Bach et Handel, deux monstres sacrés du répertoire baroque. La soprano Sabine Devieilhe est une habituée de ces univers foisonnants, et s’y meut avec une grande aisance. Accompagnée ici de l’excellent Raphaël Pichon et son ensemble Pygmalion, elle offre une interprétation posée, sans extravagance, de cantates de Bach dont la volubile BWV51, une merveille de luminosité et de virtuosité transcendante comme savait les dessiner le cantor. S’y ajoutent des extraits de diverses œuvres de Handel, dont la Brockes-Passion, l’opéra Jules César en Égypte et l’oratorio Le triomphe du Temps et de la Vérité. Le fil conducteur du programme : les émotions intenses et contrastées. Tristesse profonde et joie enivrante, par exemple.
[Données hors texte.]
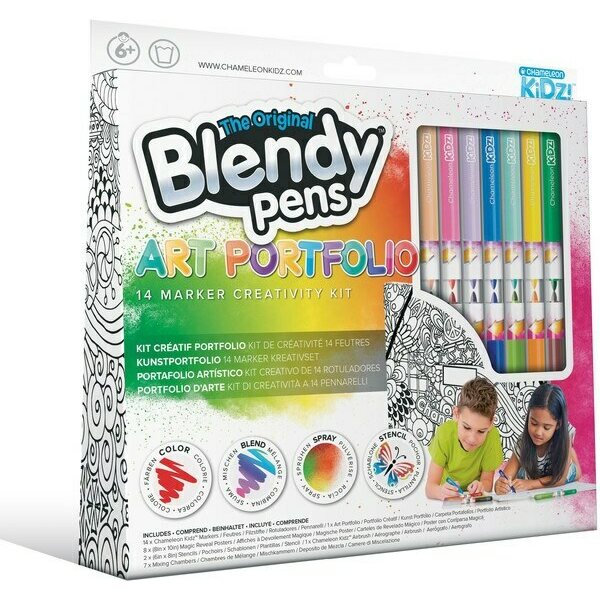 Chameleon Kidz -tusseilla voit piirtää, värittää ja spreijata. Yhdistä värejä sekoituskapselissa, niin saat upeita liukuvärejä. Setissä 14 tussia, 7 sekoituskapselia, 2 sapluunaa, airbrush, 8 väritysjulistetta ja salkku tarvikkeiden säilytykseen. 6+
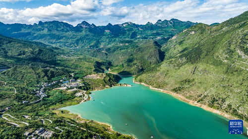 夏日時(shí)節(jié),貴州省六盤水市六枝特區(qū)牂牁江風(fēng)景名勝區(qū)草木蒼翠、江水碧藍(lán),青山綠水與道路村莊組成一幅幅美麗畫卷。

La voix est superbe, parfaite dans sa plasticité et rayonnante dans ses coloris. Seulement, comme je le disais plus haut, ce programme, et surtout l’esprit derrière sa construction, réclame une extravagance un brin plus exaltée que ce qui nous est offert. Qui plus est , le choix des extraits de la Brockes Passion de Handel ne sont pas du même acabit qualitatif que d’autres œuvres du compositeur, si bien que leur positionnement entre les deux portions consacrées à Bach font presque figure de relâchement émotionnel, même si manifestement, ce n’était pas le plan des interprètes. En fin de compte, on n’a pas autant de plaisir à écouter cet album que ce à quoi on s’attend en lisant le line-up des musiciens présents. Un album qui trahit peut-être sa réalisation contre vents et marées, ou plutôt contre pandémie et confinement. Retenue liée au besoin de calme émotionnel devant la tragédie covidienne mondiale? Ça peut être justifié, mais on a l’impression que le contraire aurait été plus satisfaisant, comme un cri du coeur pour la liberté et l’extravagance.
Un peu dommage, compte tenu de l’immense admiration que j’ai pour Sabine Devieilhe.